At a gathering this August at Confluence Health to celebrate the efforts of the Vaccine Equity Initiative, it was clear how much this partnership had meant, providing a bright beacon of hope during a dark time. Members of the Madrinas de Salud, the Confluence Health Foundation, and Confluence Health leadership spoke on what the effort had meant to them.

“I needed to help my community, to help others,” commented Rosario Rodriguez, one of the Madrinas. “I tried to help people with my heart.”

“Confluence Health came to help us. My respect goes out to you all for your decision to help us as a group,” said Teresa Zepeda, one of the founders of Parque Padrinos. “I didn’t want anybody left behind. By partnering with you, we helped a lot of people who didn’t want to believe in the vaccine at first.”

“Thank you for helping us to reach even those who were hard to find,” added Bendito.

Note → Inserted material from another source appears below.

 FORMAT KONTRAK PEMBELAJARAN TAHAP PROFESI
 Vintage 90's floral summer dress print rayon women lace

And outreach was hard sometimes, with out-of-the-box thinking ultimately being the key. From Instagram to a priest’s pulpit, efforts were made to reach people where they were, from voices they trusted. At a migrant camp near Cashmere, tomatoes and chiles were given out to people who came to hear about vaccinations. In Tonasket, priests offered blessings to families who came to the church to hear about the pandemic and what they could do. One of the Madrinas, Guadalupe Peregrino, described encountering a big bear alongside the road during a road trip to Okanogan County that reared up and charged after their car as they pulled away hurriedly. Luckily, they made their escape and left the bear behind in the dust, shaken but heading off determinedly to continue their efforts.

But whether it was priestly blessings or cantankerous bears, the Madrinas de Salud focused on their task. Through their dedication and partnership with Confluence Health, the effort bore fruit. From a rate of 43% of the COVID-19 ICU patients at Central Washington Hospital identifying as Latino at the end of August 2021 despite making up only 30% of the population, that number dropped to 20% or less within only one month.

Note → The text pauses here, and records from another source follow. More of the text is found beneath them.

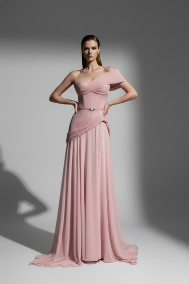 This rose-blush gown features a fitted, structured bodice with an off-shoulder pleated design. The waist includes a small belt detail that shapes the silhouette. The skirt is made from lightweight chiffon that falls smoothly to the floor for a clean, refined look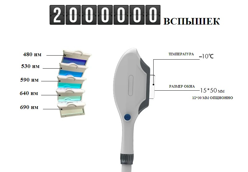Ресeрс манипулы 200 000 вспышек. В комплекте 5 светофильтров для различных процедур и охлаждением окна.Манипула изготовлена из качественного материала.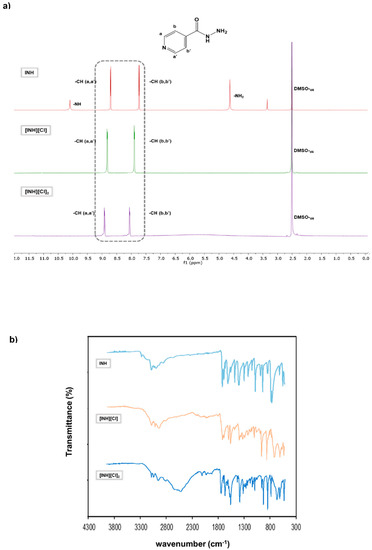 Characterization of mono and diprotonation of INH with counterion chloride. (a) 1H-NMR spectra of INH (top), [INH][Cl] (middle) and [INH][Cl]2. (b) FTIR-ATR spectra of INH (top), [INH][Cl] (middle) and [INH][Cl]2.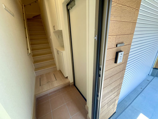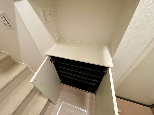その先には上下に分かれた下駄箱収納。

Across the state as of September 2022, 64.2% of Latinos have initiated their primary series of the vaccine; in Chelan County, that number is 65.6%; in Douglas County, 67.7%; and in Okanogan County, 76.4%, making North Central Washington a leader in vaccination rates.

“The confidence that Confluence Health had in the Madrinas de Salud and the service model of neighbors reaching out to neighbors was done at a really important time,” reflected Bendito. “Without the trust that this commitment generated, I don't know where we'd be today. The outcomes went beyond vaccination numbers. It transformed lives.

Not just the lives of people knocking on the doors, but those who received the vaccinations since it didn't end there. We also listened to their other needs and heard other impacts from COVID-19, including food scarcity and housing needs, which allowed us to help across a wide spectrum. This showed we cared about their health as a whole and, even more than that, it showed that we're there for them.”


Confluence Health serves the largest geographic region of any healthcare system in Washington State, covering over 12,000 square miles of Okanogan, Grant, Douglas, and Chelan counties. Confluence is one of only two locally-lead healthcare systems in the state with the purpose of maintaining availability and access to high-quality, cost-effective healthcare services for North Central Washington. The Confluence Health Board of Directors provides governance for Confluence Health, the Clinic, Central Washington Hospital, and Wenatchee Valley Hospital, and includes nine community board members and six physician board members.